ABCLoggingMixin - Ready-to-use mixin class

  • Pre-configured with ABCLoggingMeta metaclass
  • Inherit to add automatic logging to any class
  • Combines well with other mixins and base classes

Logging Features:

  • Automatic Instrumentation: All methods automatically logged without decorators
  • Performance Tracking: Measures and logs execution time for each method call
  • Argument Logging: Captures and logs method arguments (truncated for readability)
  • Return Value Logging: Logs method return values (truncated)
  • Rate Limiting: Intelligent throttling to prevent log spam
    • Only logs if >1 second since last call to same method
    • Prevents flooding logs in tight loops
    • Per-method tracking (not global)
  • Truncation: Arguments and returns truncated to 20 characters max
  • Magic Method Exclusion: Skips __init__, __str__, etc. to avoid noise

How It Works:

The metaclass intercepts class creation and wraps methods at definition time:

  1. Iterates through all class attributes during __new__
  2. Identifies callable, non-magic methods
  3. Wraps each with a logging decorator that:
    • Tracks call times per method
    • Logs method name, class name, arguments, kwargs
    • Executes the original method
    • Logs execution duration and return value
    • Updates last call time for rate limiting

Usage Examples:

from winiutils.src.oop.mixins.mixin import ABCLoggingMixin
from abc import abstractmethod

# Option 1: Use the mixin
class MyService(ABCLoggingMixin):
    def process_data(self, data: list) -> dict:
        # Automatically logged with timing
        return {"processed": len(data)}

    @classmethod
    def validate(cls, value: str) -> bool:
        # Classmethods also logged
        return len(value) > 0

# Option 2: Use the metaclass directly
from winiutils.src.oop.mixins.meta import ABCLoggingMeta

class MyAbstractService(metaclass=ABCLoggingMeta):
    @abstractmethod
    def execute(self) -> None:
        pass

class ConcreteService(MyAbstractService):
    def execute(self) -> None:
        # Automatically logged
        print("Executing...")

# Usage - logging happens automatically
service = MyService()
result = service.process_data([1, 2, 3])
# Logs: "MyService - Calling process_data with ([1, 2, 3],) and {}"
# Logs: "MyService - process_data finished with 0.001 seconds -> returning {'processed': 3}"

Log Output Example:

INFO - MyService - Calling process_data with ([1, 2, 3],) and {}
INFO - MyService - process_data finished with 0.001234 seconds -> returning {'processed': 3}
INFO - MyService - Calling validate with ('test',) and {}
INFO - MyService - validate finished with 0.000123 seconds -> returning True

Technical Details:

  • Metaclass Inheritance: Properly extends ABCMeta for abstract class support
  • Decorator Preservation: Uses @wraps to maintain function metadata
  • Performance: Minimal overhead - caches time.time function reference
  • Thread Safety: Each method has independent call time tracking
  • Memory Efficient: Call times stored in closure, not instance attributes

Integration with Other Utilities:

The CleaningDF class uses ABCLoggingMixin to automatically log all cleaning operations:

class CleaningDF(ABCLoggingMixin):
    # All methods (rename_cols, fill_nulls, etc.) automatically logged
    # Provides audit trail of data cleaning pipeline
    pass

Best For:

  • Debugging complex class hierarchies
  • Performance profiling during development
  • Audit trails for data processing pipelines
  • Monitoring service method execution
  • Classes with abstract methods requiring implementation tracking
  • Reducing logging boilerplate in large codebases

Security Utilities

Production-ready cryptography and secure credential storage utilities built on industry-standard libraries (cryptography and keyring).

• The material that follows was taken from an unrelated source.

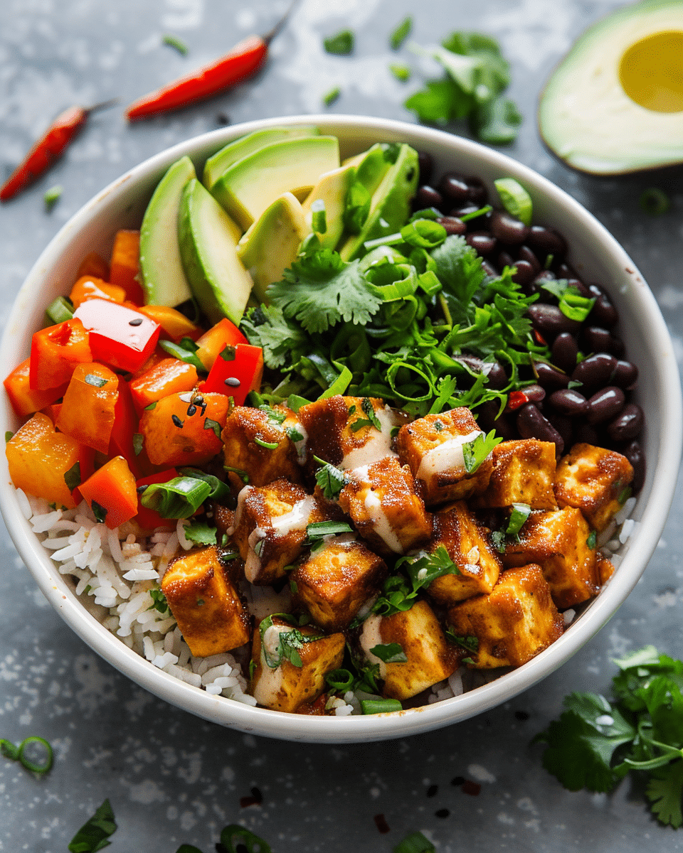 This baked tofu burrito bowl is a hearty, protein-packed meal that’s bursting with color and flavor. It features crispy seasoned tofu, fluffy rice, beans, and fresh toppings like avocado, salsa, and corn—all layered into a bowl that satisfies every craving. It’s a healthy, plant-based option that doesn’t skimp on taste.

Cryptography Module (winiutils.src.security.cryptography)

AES-GCM Encryption/Decryption - Authenticated encryption with proper IV handling

encrypt_with_aes_gcm(aes_gcm, data, aad=None)

  • Encrypts data using AES-GCM (Galois/Counter Mode)
  • Generates random 12-byte IV for each encryption
  • Prepends IV to ciphertext for easy decryption
  • Optional Additional Authenticated Data (AAD) support
  • Returns: IV + encrypted_data as single bytes object

decrypt_with_aes_gcm(aes_gcm, data, aad=None)

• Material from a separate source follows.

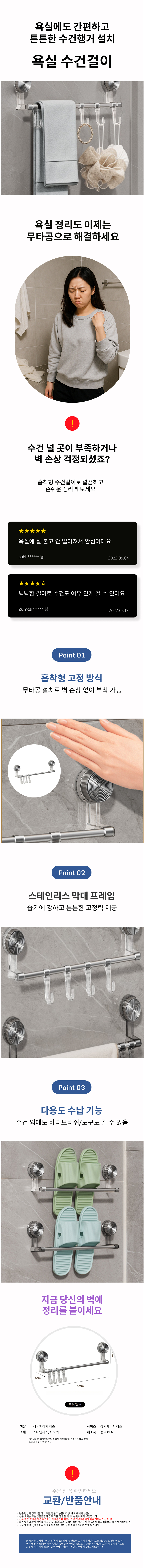 고리형 수건걸이 무타공 흡착식 수건행거 간편설치

  • Decrypts AES-GCM encrypted data
  • Automatically extracts IV from first 12 bytes
  • Validates authentication tag (prevents tampering)
  • Optional AAD support (must match encryption AAD)
  • Returns: Original plaintext as bytes

Key Features:

  • Authenticated Encryption: AES-GCM provides both confidentiality and integrity
  • Random IVs: Each encryption uses a unique, cryptographically random IV
  • No IV Management: IV automatically prepended/extracted - no separate storage needed
  • AAD Support: Authenticate additional data without encrypting it
  • Standard Compliance: Uses cryptography library's AEAD implementation

Keyring Module (winiutils.src.security.keyring)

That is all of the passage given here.